In the first half of 2022, overall gaming revenue was $29.16 billion, representing an 18% year-over-year gain from the first half of last year . With this year’s NFL season set to surpass last season’s betting handful, gaming revenue for 2022 could very well eclipse first-half earnings.
So why are gaming stock prices still so low?
Wall Street focuses on profitability, not market share
In the current inflationary environment, none of this long-term revenue growth is priced in by investors when it comes to online betting stocks. In a declining stock market environment, Wall Street is becoming defensive and focusing on profitability – rather than market share – when it comes to major sports betting valuations.
Speaking at a 2022 Goldman Sachs Travel & Leisure conference in early June, DraftKings CEO Jason Robins explained how market sentiment towards OSB stocks has changed.

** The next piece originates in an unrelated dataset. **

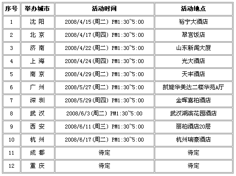 場次安排: 沈陽 2008.4.15|北京 2008.4.17|濟南 2008.4.22|上海 2008.4.24|南京 2008.4.29|廣州 2008.5.27|深圳 2008.5.29|武漢 2008.6.3|西安 2008.6.11|杭州 2008.6.17|成都 待定|重慶 待定| 起止時間: 2008-03-31 至 2008-06-17

“Until about say four [to] seven months ago, market share was what we were asked at these conferences,” Robins said. “How are you going to increase your market share? Do you think other players will take market share? Now it’s all about profitability…”
And with all of the major sportsbooks except PENN Entertainment not expecting to reach profitability until late 2023, it has dampened Wall Street’s enthusiasm for the once high-flying OSB sector.
With most OSB stocks still trading well below their 52-week highs, the prospect of another banner year for NFL online betting might be just the tonic needed to pull gaming stocks out of the doldrums.